Blade Length - 180mm

Steel - CPM-154 (powdered stainless steel)

Hardness - Rc 61-62 (with cryo)

Height (at heel) - 50mm 

Handle Style - Wa Octagonal

Handle Materials - Maple burl with streaked blond buffalo horn ferrule



This knife is 180mm in length, a size that I've never done before. I wanted to make something for the cook who works in tight quarters or for that person who prefers a small(er) length blade. I did a lot of thinking to get this correct. 

The handle is made from a highly figured dark brown block of maple burl paired with a nice example of streaked blond buffalo horn. It's tapered, sized full figure in both width and height, to fit most hands.

The heel height of the blade is right at 50mm for proper knuckle clearance. 

Ground thin at the edge and made from powdered stainless - this ain't your Momma's wa bocho. :wink:

I would not be a bit surprised to hear back from the purchaser that this knife had (quickly) become a favorite. I'm loving it myself actually. 

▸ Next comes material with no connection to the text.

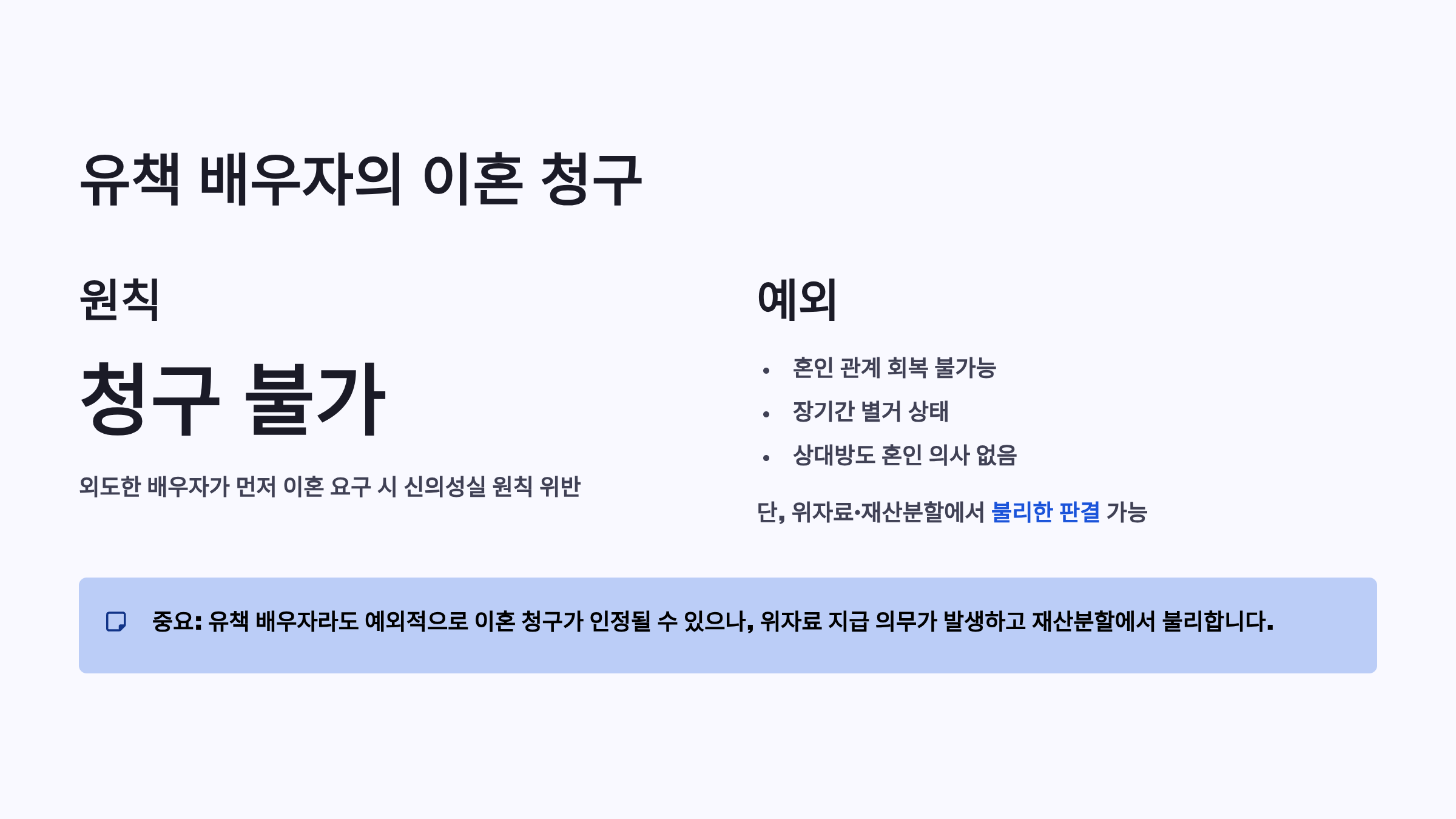 | 유책 배우자 이혼 청구 | 청구 불가 | 혼인 관계 회복 불가능, 장기 별거 |

Price - $649 (shipping included to USA / International will pay all costs over $25) 



If you're interested in purchasing this knife please contact me via PM or email along with your Paypal email address (for the invoice). If international, please specify country.

Thanks for looking!

Dave​


----------



## KCMande (Nov 20, 2017)

Love that handle Dave. Stunning work as always


----------



## Dave Martell (Nov 20, 2017)

KCMande said:


> Love that handle Dave. Stunning work as always




Thanks Kevin!


----------



## Dave Martell (Nov 20, 2017)

This sure would make a nice Christmas gift.... :wink:


----------



## malexthekid (Nov 20, 2017)

It really would.... I'm sure my wife would totally love me getting her a knife.... hahaha


----------



## Dave Martell (Nov 20, 2017)

malexthekid said:


> It really would.... I'm sure my wife would totally love me getting her a knife.... hahaha




Mrs. be like.... :spankarse:


----------



## milkbaby (Nov 20, 2017)

Totally freaking nice! Should make somebody an excellent Christmas gift!!! GLWS


----------



## Dave Martell (Nov 20, 2017)

milkbaby said:


> Totally freaking nice! Should make somebody an excellent Christmas gift!!! GLWS




Thanks!


----------



## Nemo (Nov 20, 2017)

Dave, that is a nice Wa treatment of that dark Maple.


----------



## Dave Martell (Nov 20, 2017)

Nemo said:


> Dave, that is a nice Wa treatment of that dark Maple.



Thanks Phil


----------



## daveb (Nov 20, 2017)

It would make a great Christmas gift for me. You still have my address?

Ha!

GLWS. It's a beauty.


----------



## SuperSharp (Nov 20, 2017)

Clean and beautiful like always. Looks like a tiny smily face in the burl towards the bottom of the handle in the third pic. GLWS


----------



## Dave Martell (Nov 21, 2017)

:shocked3: *Pre-Black Friday SALE - CLICK HERE *:shocked3:


----------



## Dave Martell (Nov 21, 2017)




----------



## Dave Martell (Nov 21, 2017)

*SOLD*


----------